La session ordinaire du Synode s’est tenue les 11 – 12 décembre 2020 par visioconférence dans une ambiance constructive et fraternelle. 65 délégué.e.s ont été présent.e.s. Un vent de renouveau a soufflé sur cette session qui s’est penchée en profondeur sur le programme de législature (ProgLég) pour les années 2019 à 2024. D’emblée, le Conseil synodal a rappelé la vision dans laquelle celui-ci s’inscrit : «Le monde dans le coeur de l’Église. Mobilisée par l’Évangile, notre Église participe à l’humanisation de la société au sein d’une Création à soigner».

 

Un tableau de bord prospectif (TBP) constitue la boussole et la feuille de route pour planifier et mettre en oeuvre les projets. Il s’articule autour de 3 piliers (Relier, Construire et Évangéliser). L’exécutif s’est dit déterminé pour lancer des actions concrètes, ordonnées et mesurables.

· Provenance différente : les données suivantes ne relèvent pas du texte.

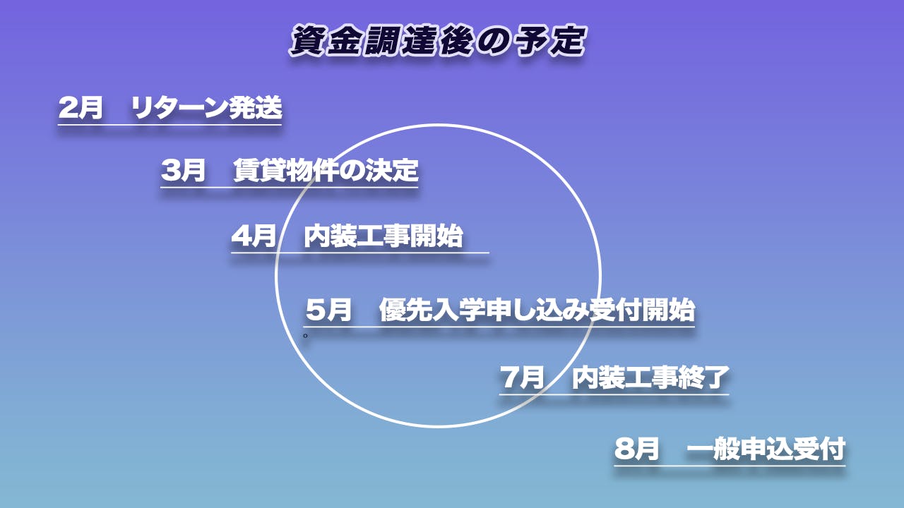 大部分は自社資金でプロジェクトを進めていきますが、クラウドファンディングで集まった資金は施設設備費の一部に当てさせていただきます。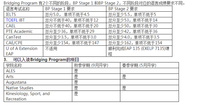 对于国际生来说,申请阿尔伯塔大学,除了递交学校学术成绩单之外,还需要向学校递交雅思或托福或多邻国考试成绩,以向学校展示英语水平和能力。然而由于学生在校期间课业压力较大,时间紧张,再加上疫情导致考位紧张等等原因,很多申请人无法提交满足学校直录要求的语言成绩。针对这样的情况,申请人也不必惊慌,阿尔伯塔大学有专门为国际生提供的语言桥梁课程( Bridging Program ),录取后,学生可以先在语言项目中学习,学习完成后,顺利进入专业课学习。

Sur deux thématiques porteuses, à savoir :

– le lien et le travail avec les familleS

– la dimension spirituelle de la transition écologique et sociale

un accent particulier va être mis dans les années à venir.

Le Synode a pris acte du programme de législature et validé à une très large majorité les deux thématiques porteuse. Ce ProgLég représente un changement en profondeur de modèle de l’Eglise et pourrait s’apparenter à une véritable Réforme.

Parmi les 14 objectifs formulés, trois objectifs stratégiques sont prioritaires :

  • développer les Régions comme «fédératrices» des paroisses, lieux d’Église et

communautés innovantes (9)

  • prioriser et investir des thématiques porteuses (11)
  • investir dans une communication proactive (3).

 

D’autres objectifs devraient se décliner dans le temps, tels que

  • le renforcement des compétences de gestion et d’organisation dans le domaine des Ressources humaines et des coordinateurs de régions (5 + 6), et
  • la formations des nouveaux acteurs-trices pour implémenter les thématiques porteuses.

Selon le CS, le but du ProgLeg n’est pas de « regarnir les bancs de l’église » (Guyaz), mais de permettre de donner une nouvelle dynamique à vivre l’Evangile, à diversifier les formes d’expression de l’Eglise et à favoriser une « biodiversité ecclésiale ».

Le CS a appelé à la confiance en l’avenir et à croire en la venue du Royaume de Dieu dont l’avènement échappe aux efforts humains et à toute vérification. Il ne s’agit pas d’abandonner l’ancien, mais de créer, parallèlement, du neuf ailleurs.

Mais le Synode a été unanime sur le fait que les changements de société nécessitent un changement de posture de l’EERV, reconnaissant au CS de saisir cette opportunité, afin que la bonne nouvelle du Christ reste force d’interpellation et de changement.

Budget 2021

Alors que le CS avait fièrement présenté un budget équilibré, c’est finalement un budget prévoyant un léger déficit de 391’000 francs qui a été adopté par le Synode. Suite à une motion de la région 8, les contributions des paroisses ont été revue à la baisse de 10% (soit 1’340’000 CHF). Cette diminution est un signal fort aux paroisses qui peinent à nouer les deux bouts.

Le budget prévoit de réserver 4% des ressources (env. 1,6 moi CHF) pour implémenter des projets stratégiques.

Faculté de théologie (FTSR)

Le représentant de la FTSR, le professeur Frédéric Amsler, a relaté qu’il y a actuellement une 30e d’étudiants en formation qui arriveront sur le marché du travail prochainement. Or, M.Amsler a rendu le Synode attentif à la chute vertigineuse du nombre d’étudiants en théologie.

Actuellement, il n’y a que 2 étudiants en première année inscrits, une tendance qui s’empire d’année en année et qui représente une véritable « bombe à retardement » pour les Eglises.

 

Le prochain Synode se tiendra les 11 et 12 juin 2021, il devra prendre des décisions définitives au sujets des dotations. Des discussions ont déjà eu lieu par groupes en visioconférence.

Il en ressort qu’indépendamment des enveloppes qui vont continuer à être mises à disposition par l’État, il va y avoir au cours de la législature une 30aine de départs à la retraite qui ne seront replacés que si on trouve de nouveaux ministres. Or il n’y a que très peu d’étudiants en théologie à la faculté de théologie. Même si on imagine en étant optimistes que notre église engage des diplômés de la HET-Pro, il sera nécessaire de compter de plus en plus sur l’engagement de laïcs salariés.